A cet égard, il résulte de l’application combinée des articles 378 à 380 du même code que la décision de sursis, qui suspend le cours de l’instance pour le temps ou jusqu’à la survenance de l’événement qu’elle détermine, ne dessaisit pas le juge ; qu’à l’expiration du sursis, l’instance est poursuivie à l’initiative des parties ou à la diligence du juge, sauf la faculté d’ordonner, s’il y a lieu, un nouveau sursis ; que le juge peut, suivant les circonstances, révoquer le sursis ou abréger le délai.
Hors les cas où cette mesure est prévue par la loi, le juge de la mise en état apprécie souverainement l’opportunité du sursis à statuer dans l’intérêt d’une bonne administration de la justice ; à ce titre, s’il s’agit d’attendre l’issue d’une autre procédure, il faut que le résultat de celle-ci ait une conséquence sur l’affaire en cours.
En l’espèce, il n’apparaît pas dans l’intérêt d’une bonne administration de la justice, compte tenu de ce que la requête en omission de statuer a été fixée à une audience de la cour d’appel le 20 mars dernier, de prononcer un sursis à statuer.

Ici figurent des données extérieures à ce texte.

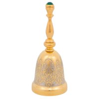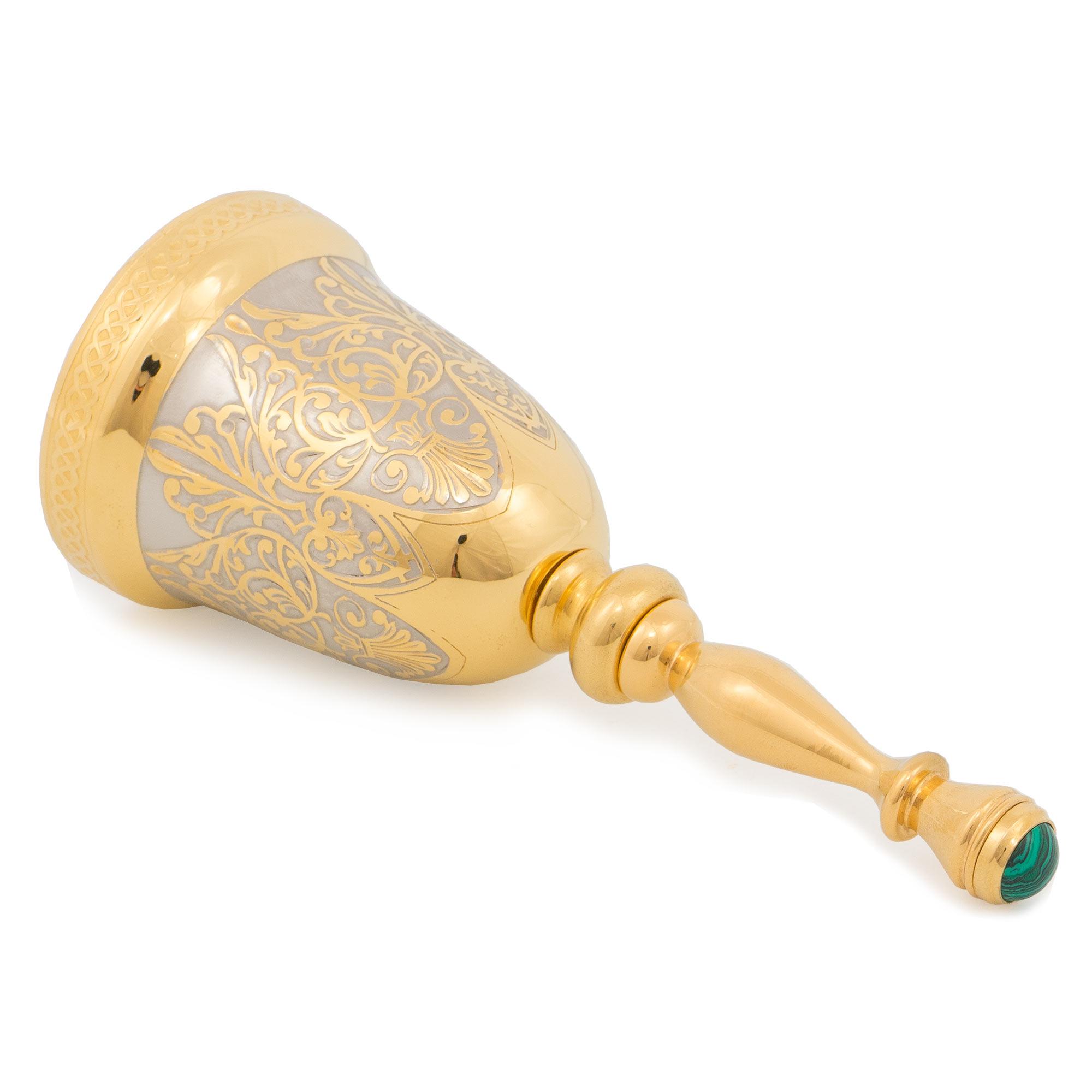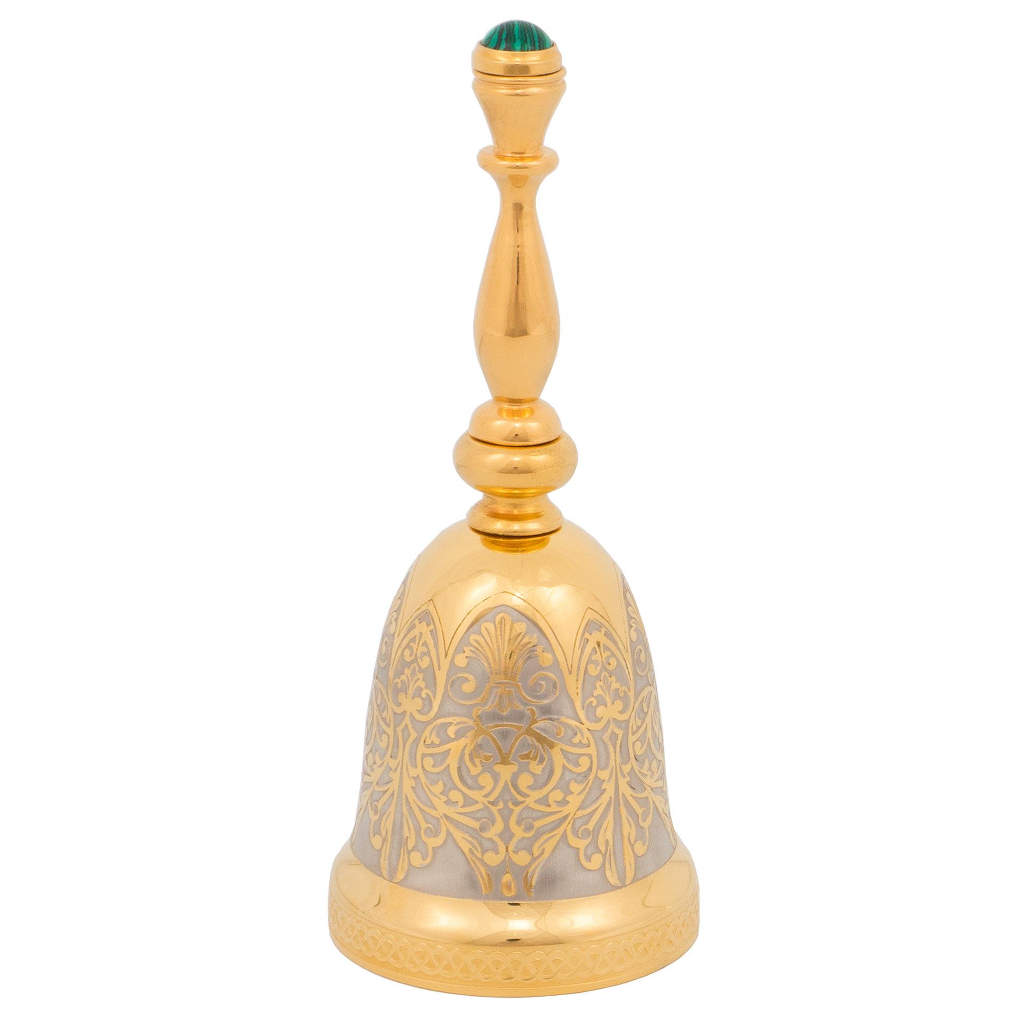 Колокольчик малахит позолота. Вес 900 г Размер 6х6х14,5 см Материал малахит, бронза, латунь, никель, покрытие золотом (999,9).  развернуть описание ▼
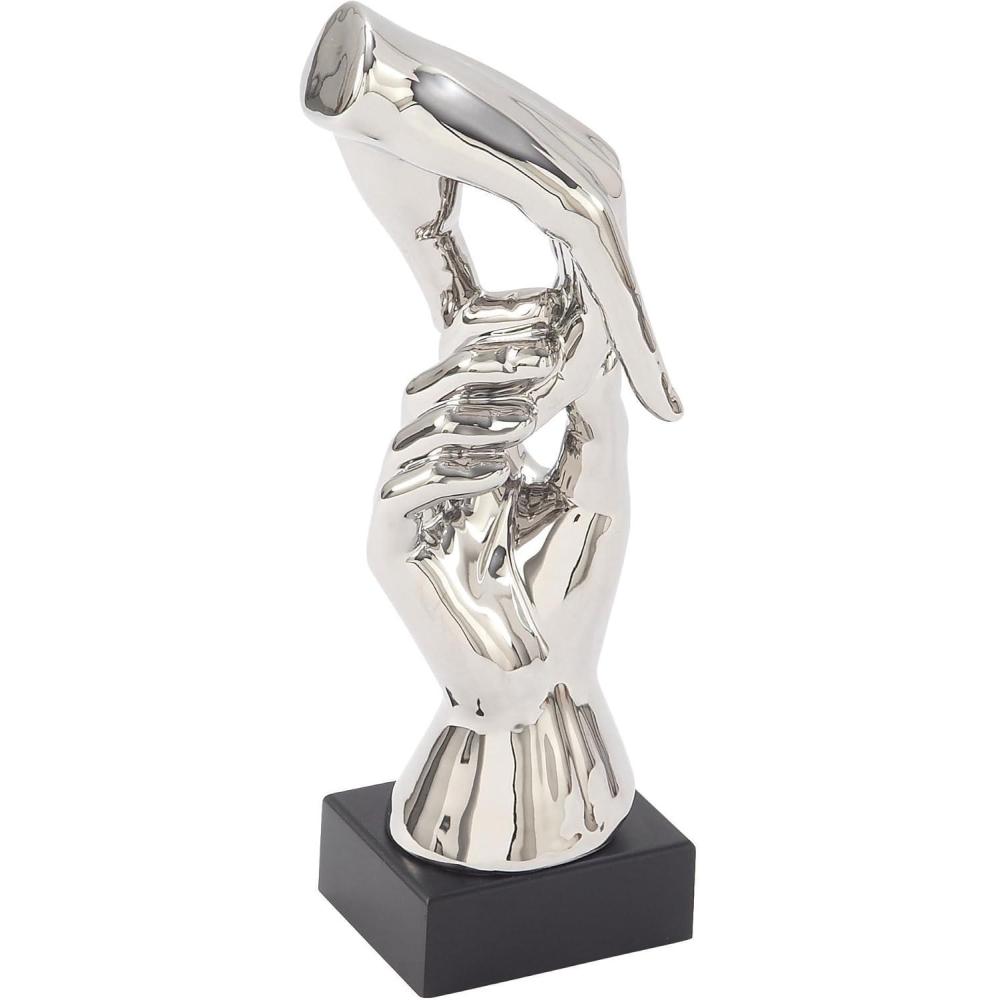 This modern accent statue is meticulously crafted with smooth ceramic and finished with a reflective silver coating. Shaped like hands gripping each other's wrists, this glossy silver home decor figurine makes a striking visual statement. Wipe clean with a dry cloth. Ideal for display in living rooms or offices, this hands home decor statue adds a modern touch. Designed with felt or rubber stoppers at the base that prevent scratching furniture and table tops, as well as sliding around. This item ships in 1 carton. Please note that this item is for decorative use only. Ceramic sculpture makes a great gift for any occasion. Suitable for indoor use only. This item ships fully assembled in one piece. This is a single silver colored statue. Modern style.
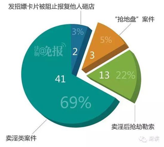 “搶地盤”案件發(fā)生了3起。賣淫后搶劫勒索案則發(fā)生了13起。
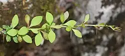 Die unterseits hellgrünen und kurz gestielten, abgerundeten bis stumpfen, manchmal stachelspitzigen, ledrigen, kahlen Laubblätter sind verkehrt-eiförmig, spatelförmig, ganzrandig und etwa 1 bis 3 cm lang. Ihre Herbstfärbung reicht von leuchtend orange bis hin zu karminrot. Die Blattdornen sind meist einfach und 5 bis 15 mm lang.
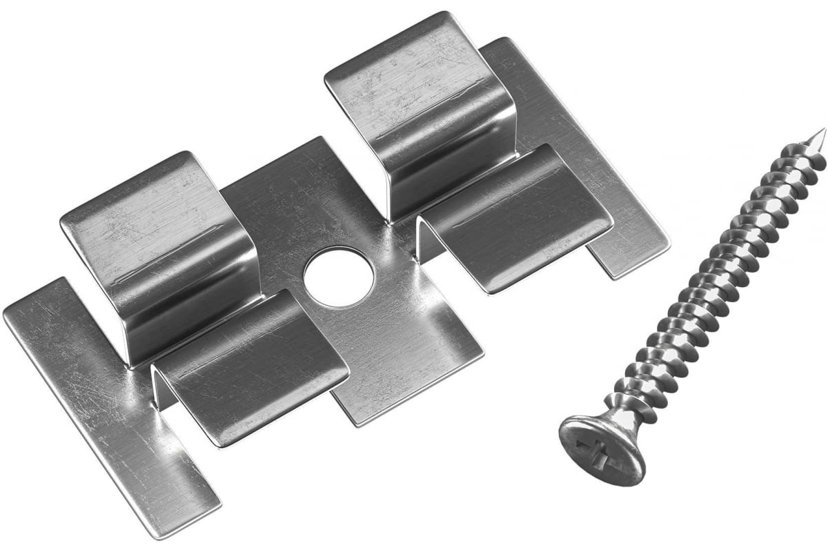 Рядная клипса из нерж. стали для монтажа доски ДПК с саморезом из нерж. стали Grinder deco TD 12 используется для крепления рядов террасных досок к лагам. На 1 м2 для террасной доски 125х25х3000 мм, с учетом шага крепления в 350 мм, требуется 24 шт. рядных клипс.
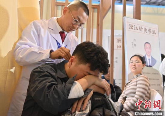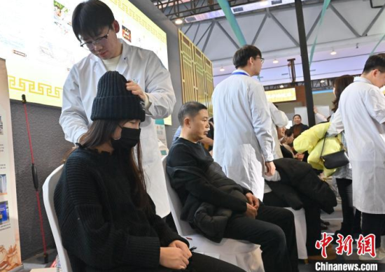 12月7日,吉林長春,市民在體驗(yàn)推拿。當(dāng)天,2024長春國際醫(yī)藥健康產(chǎn)業(yè)博覽會(huì)開幕,現(xiàn)場(chǎng)設(shè)有中醫(yī)藥文化體驗(yàn)展區(qū)、中醫(yī)流派特色療法體驗(yàn)館,吸引大批市民前來觀展、體驗(yàn)。中新社記者 張瑤 攝

II. Sur la demande de disjonction
Aux termes de l’article 783 du code de procédure civile, le juge de la mise en état procède aux jonctions et disjonctions d’instance.
L’article 367 du même code dispose que le juge peut, à la demande des parties ou d'office, ordonner la jonction de plusieurs instances pendantes devant lui s'il existe entre les litiges un lien tel qu'il soit de l'intérêt d'une bonne justice de les faire instruire ou juger ensemble.
Mais l’intérêt d’une bonne justice impose également au juge de veiller à ce que les instances qui lui sont soumises soient instruites et jugées dans un délai raisonnable, conformément au droit à un procès équitable garanti par l’article 6.1 de la Convention européenne de sauvegarde des droits de l’homme et des libertés fondamentales et à l’article L111-3 du code de l’organisation judiciaire.
En l’espèce, il n’y a lieu à disjonction dès lors que l’intérêt d’une bonne administration de la justice commande que la présente instance, qui porte sur les mêmes désordres – lesquels ont fait l’objet d’une même expertise – aboutisse à un seul et même jugement, certaines prétentions fussent-elles déclarées irrecevables à l’égard de certaines parties et pas à l’égard d’autres.
La demande de disjonction sera rejetée.
III. Sur les mesures de fin d’ordonnance
Les dépens seront réservés.
L’équité commande de débouter chacune des parties de sa demande en paiement en application des dispositions de l'article 700 du code de procédure civile.
PAR CES MOTIFS,
Nous, François Derouault, publiquement, par ordonnance contradictoire susceptible de recours dans les conditions de l’article 795 du code de procédure civile, mise à disposition au greffe,
REJETONS la demande de sursis à statuer ;
REJETONS la demande de disjonction ;
RESERVONS les dépens ;
DEBOUTONS chacune des parties de sa demande en application des dispositions de l'article 700 du code de procédure civile ;
RENVOYONS l’affaire à l’audience de mise en état du 25 septembre 2024 pour conclusions de Maître Savatic, à défaut clôture partielle.
La minute est signée par Monsieur François DEROUAULT, juge, assisté de Madame Maud THOBOR, greffier.